La Giornata si propone come un momento di riflessione teorico e metodologico, presentando la catalogazione degli artisti, delle istituzioni e gallerie, delle riviste e dei documenti di critica, oltre che dei grandi eventi e mostre che negli ultimi 60 anni sono stati protagonisti del tessuto artistico napoletano.

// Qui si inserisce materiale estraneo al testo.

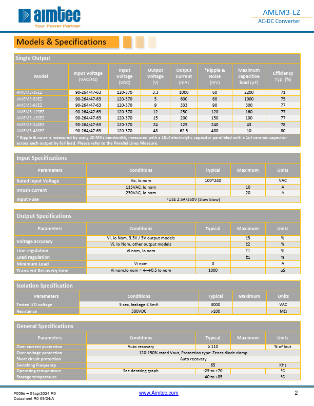 The AMEM3-EZ is suitable for grid power, LED, instrumentation, industrial controls, munication, and...

Grazie all’intervento di docenti, curatori, critici d’arte e funzionari di musei e istituzioni pubbliche invitati a presentare le proprie esperienze di lavoro e a introdurre le proprie metodologie di intervento, sarà possibile discutere e approfondire le modalità e procedure alla base di uno studio della realtà artistica contemporanea che si avvale di processi di schedatura e catalogazione in grado di portare la ricerca, e il dibattito sul ruolo della ricerca, anche al cuore dell’attività istituzionale del museo. È questo un obiettivo che la Fondazione Donnaregina e il museo MADRE si sono preposti proprio nell’istituzione del proprio Dipartimento di Ricerca.
È un’occasione anche per studenti, laureandi e dottorandi nelle discipline storico-artistiche per partecipare ad un evento che si propone come un momento di aggiornamento e un’occasione di confronto tra studiosi di diverse generazioni.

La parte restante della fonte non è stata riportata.